It is as if Twitter invented social media. Wrong.
Many of the key Twitter-isms are actually adaptations of long standing internet convention. For example, many people think that hashtags (# followed by a word or letters) was invented by Twitter users to self-organize tweets. In fact, according to Clay Shirky in his outstanding primer on social media (Here Comes Everybody), hashtags started over fifteen years ago in the IRCs (Internet Relay Channels). Users would use hashtags to create conference or chat rooms for specific conversations. Obviously an old IRCr used this on Twitter, and now you can use Twitter search to collect tweets on specific issues.

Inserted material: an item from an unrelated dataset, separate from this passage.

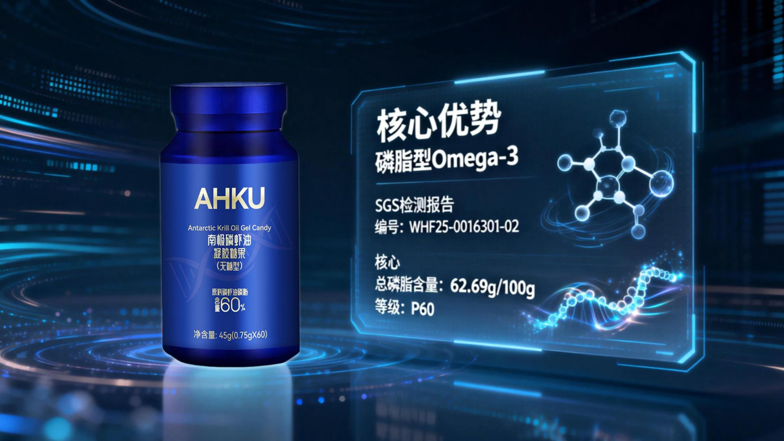 区别于单一成分产品,AHKU小蓝瓶采用"磷脂型Omega-3+胆碱+天然虾青素"的科学配比(其相关研究曾发表于《JAMA Network Open》等权威期刊):

Contrary to popular belief, neither Facebook or Twitter invented status (what are you doing?). Status was created by AOL's Instant Messenger (and later Yahoo! Messenger). Your default status was online, away from my desk, busy and then you could click on it and customize. It was only a line, but Yahoo's messenger product allowed for HTML, which allowed you to include link coded words (which is better than Twitter's current text only short URL approach). People have been tweeting for over a decade via instant messengers!
Finally, people actually think that the current situation with social media and Iran protests marks a "water shed" moment. Wrong. Thousands of protestors used texting during the EDSA protests in the Philippines in 2001, leading to the president resigning. Twitter is the latest in a string of incidents where electronically organized crowds have changed the world. For more on this, read Howard Rheingold's classic book, Smart Mobs.
What does all of this mean? To find future social media innovations, look to the past. Many apps, inventions and future social media stars will adapt user breakthroughs from WWW1 (1992-1999).